Slowly, the old engine spun the propeller, and I loped away, motoring around the 3.2 miles of shoreline on Big Casey Lake. In old boats like this, one has to turn the rubber handle clockwise with the left hand on the steering lever to get the boat going forward. It’s an odd motion but it puts me near the lily pads on Casey Lake’s south shore, not far from the Bald Eagles’ nesting in a tall jack pine. I cut the engine for a moment and hear the eaglets screeching for food.

This old motor is mounted on a beat-up board in the back of a metal boat.
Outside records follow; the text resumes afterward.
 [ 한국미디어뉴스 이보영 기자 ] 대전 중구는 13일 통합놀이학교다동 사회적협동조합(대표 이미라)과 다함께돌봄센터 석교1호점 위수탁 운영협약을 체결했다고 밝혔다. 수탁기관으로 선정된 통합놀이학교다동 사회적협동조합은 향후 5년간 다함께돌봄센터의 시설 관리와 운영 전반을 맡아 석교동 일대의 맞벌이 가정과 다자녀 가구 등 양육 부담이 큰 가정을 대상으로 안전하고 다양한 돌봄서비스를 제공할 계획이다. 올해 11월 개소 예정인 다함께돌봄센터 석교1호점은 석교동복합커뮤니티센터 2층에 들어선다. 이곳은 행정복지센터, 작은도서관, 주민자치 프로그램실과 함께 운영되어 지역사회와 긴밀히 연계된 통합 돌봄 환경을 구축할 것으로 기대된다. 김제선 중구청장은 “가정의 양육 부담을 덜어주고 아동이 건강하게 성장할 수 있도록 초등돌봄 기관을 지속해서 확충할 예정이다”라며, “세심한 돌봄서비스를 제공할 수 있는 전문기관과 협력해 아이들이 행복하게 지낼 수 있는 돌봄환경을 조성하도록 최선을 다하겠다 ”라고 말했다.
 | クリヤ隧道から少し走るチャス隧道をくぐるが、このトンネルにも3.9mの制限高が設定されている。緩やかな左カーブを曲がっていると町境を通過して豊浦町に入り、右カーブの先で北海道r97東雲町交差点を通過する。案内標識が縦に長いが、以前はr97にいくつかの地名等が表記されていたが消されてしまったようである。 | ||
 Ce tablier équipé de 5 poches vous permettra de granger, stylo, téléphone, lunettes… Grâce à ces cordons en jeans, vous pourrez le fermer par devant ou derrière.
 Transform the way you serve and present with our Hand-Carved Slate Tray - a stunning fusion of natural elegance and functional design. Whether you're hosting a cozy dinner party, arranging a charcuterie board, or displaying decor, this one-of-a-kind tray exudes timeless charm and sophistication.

It’s not convenient or pretty, but I take it out to engage with the concrete and physical, to balance my academic life of teaching, grading, writing and going to meetings with something concrete, smelly, hard.

That’s why a manual-start motor is the perfect remedy. It works by the work of arm and hand, shoulder, elbow and wrist. Starting that blue beast of a motor and putting on the lake takes me back to a time when life had more physical work and less mental clutter.
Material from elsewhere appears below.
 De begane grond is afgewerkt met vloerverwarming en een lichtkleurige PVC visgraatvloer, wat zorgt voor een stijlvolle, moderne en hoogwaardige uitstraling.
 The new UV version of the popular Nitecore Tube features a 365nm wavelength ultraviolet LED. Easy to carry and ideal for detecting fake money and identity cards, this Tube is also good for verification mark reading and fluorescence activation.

I go to the Old Style Place – a family cabin in the north woods – for less mind clutter.  In the cabin’s main room, there are three chairs, one kitchen table, one small metal stand for a toaster, one wooden seating bench, a few magazines and a radio — radio with a cassette player —  and a small box near the wood stove filled with kindling.

Appliances include the small Dixie stove, a Gibson refrigerator from 1952, and a sink with no running water. The Dixie is also old, circa 1950. There are two small bedrooms and one deck.

One sofa is on the deck along with a small wooden table and two chairs. These elements scream of self-sufficiency, and I hear the remnants of hard work that carved out a middle-class existence in parental talk: “Why should we buy a new chair or table if the old one works just fine?”

dixie stove

Dixon Stove

gibson refrig 1950

Gibson Refrigerator

Their answer in a question was born of a classical conservatism that truly was fiscally conservative in deed not just talk. It didn’t matter if the furniture was as hard as the rocks on the beach, it didn’t matter if the beds were uncomfortable, it didn’t matter that a bath meant a dip in the cold lake. For a shower, forget it; running water at the cabin forget it.

“We’re lucky to have the cabin,” they said, and when I was younger I guessed it was true. But now sleep calls me. I know the beds are worn out; either too soft or too hard, and I think Goldilocks would have rejected all of them.

Before turning out the lights, I glance at a small, funny, poorly cushioned green parlor chair in the cabin’s boxy main room. The chair, parked in a corner under the Old Style Place.

We called it “the tick chair,” because nearly every time someone sat there they immediately felt a wood tick crawling on their leg, arm or neck. We always watched that chair, and if a visiting city-girl sat in it, we’d eagerly await her screams.